You might have noticed something unusual if you happened to be taking a stroll through Lheidli T’enneh Memorial Park these last few weeks. A small group of people have been digging holes near the park’s entrance — something the general public is forbidden to do, as it is a designated archaeological site under the Heritage Conservation Act.
Fortunately, this team is led by archaeologists. The digging is part of the archaeological survey of the future site of the new Lheidli T’enneh childcare centre, in partnership with The Exploration Place. Elissa Gagnon with Archer CRM is the archaeological project lead and permit holder for the work and a Lheidli T’enneh First Nation member. She has been assisted by representatives of the Lheidli T’enneh as well as Alyssa Leier, The Exploration Place’s curator, who is also a trained archaeologist. Other staff members from The Exploration Place have also volunteered to help with the dig.
The Lheidli T’enneh have occupied the territory known as Prince George for at least 9,000 years, moving between different areas with the changing of the seasons. Lheidli T’enneh Memorial Park was the original village site, making it a place of great historical and cultural significance. In 1913, after multiple rejected offers to sell the land to the Grand Trunk Pacific Railway and a subsequent sale for well under its market value, the remaining members of Lheidli were forced off the site against their will, removed from their homes, and their village was burnt to the ground. The land became the Prince George Golf Course in the 1920s. Later, in 1957, the entire area we now know as Lheidli T’enneh Memorial Park, including the cemetery, was bulldozed during construction of stages and outdoor barbecue pits meant to be part of the celebrations of BC’s Centennial year in 1958. This work resulted in significant controversy as witnesses watched cultural materials, headstones, and graves containing human remains be bulldozed into the river. When construction resumed, the remaining burial ground material was pushed into the center of the cemetery, where it was incorporated into a monument. The park expanded in 1959, with a bulldozer again unearthing more human remains and burial items.
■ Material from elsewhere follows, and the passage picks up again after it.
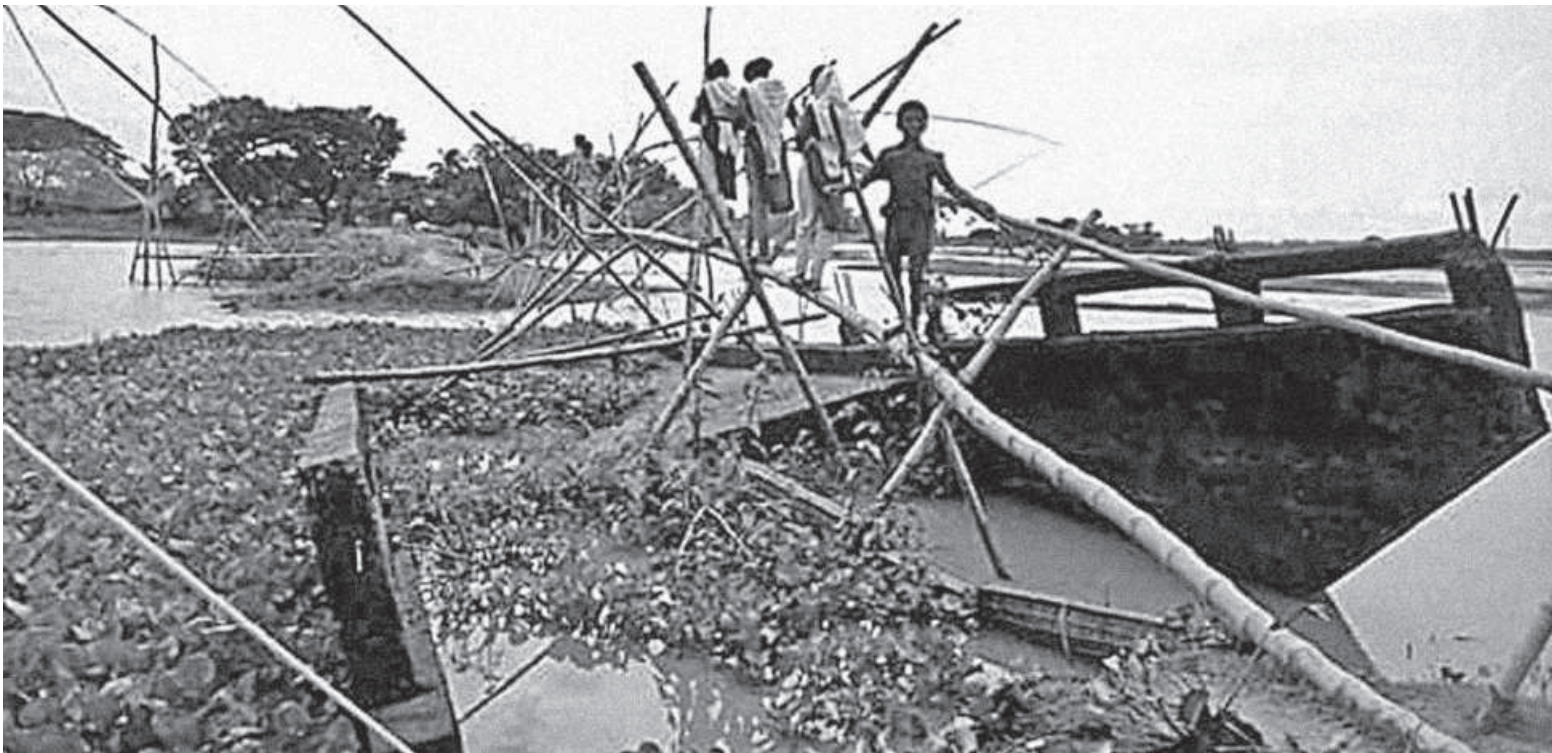
Schoolchildren cross the risky makeshift bamboo bridge on Krishnapur canal in Netrakona’s Kalmakanda upazila.

Hundreds of people from adjacent Krishnapur, Raypur, Bishauti, Banaikona, Burimari and Rongchhati villages also use the road to reach Kalmakanda and Netakona for their daily purposes, said the UP member.

Due to this land’s history and the contentious changes made to it by settlers, any construction or ground disturbance in the area must now begin with an archaeological impact assessment. An assessment will determine the extent of cultural materials in that spot and any potential impacts to the site from construction. After the area has been assessed, the findings will determine, in consultation with the Lheidli T’enneh, whether construction can continue and what will be done regarding any materials found.
The initial survey for the proposed site of the childcare centre entails digging over 100 35cm x 35cm shovel test pits in a grid-like fashion across the entire site. Shovel test pits are minimally invasive but can provide valuable information about the archaeological status of the area. Each pit is dug by hand to a depth of 70-90cm, followed by a 2.6m long hand auger to delve even further into the earth. Digging these pits may involve contending with sand, clay, rocks, and tree roots. All materials extracted from the pits are sifted through a mesh screen, and any remaining objects are carefully examined. Anything unusual is noted, photographed, bagged, and labelled for analysis. It is then recorded on a map which will indicate any locations where further examination may be necessary. An experienced archaeologist can probably work much faster, but it took me and one of my coworkers about five hours working together to complete two pits. It is an exhausting and arduous task but fascinating for an amateur like me.
Unsurprisingly, as an English Major, a writer, and a former childcare worker, I had never participated in archaeological work before but was pleased to volunteer some of my time to this critical work. It’s not every day you get to try your hand at archaeology!
Our team is honoured to be part of this very important project that further demonstrates the decades-long friendship between the Lheidli T’enneh and The Exploration Place. The Museum works alongside the Lheidli T’enneh to protect and preserve their cultural assets and to share their long and rich history and traditions from their perspective.
We have partnered with the Lheidli on many different projects over the years, resulting in a Memorandum of Understanding signed between the two parties in 2017. This MOU formalized the previous handshake relationship and made the Museum the designated repository for Lheidli T’enneh materials, establishing a protocol for access, research, display, preservation, and collection of these objects and stories. All materials continue to remain under the sole ownership of the Nation. The Exploration Place also serves as the repository for all archaeological materials uncovered in the region.
At the beginning of the archaeological work, our team was further honoured to participate in a ground blessing ceremony for the new centre. Elder Darlene McIntosh performed the blessing, witnessed by Chief Dolleen Logan, Lheidli T’enneh Councillors and members, IDL Projects, Archer CRM, and our Exploration Place team.
Nenachalhuya to our friends at the Lheidli T’enneh for inviting us to be part of this exciting project which will provide 75 essential, much-needed, culturally safe childcare spaces for families in Prince George, on the traditional unceded territory of the Lheidli T’enneh. The Lheidli T’enneh childcare centre is slated to open in 2022.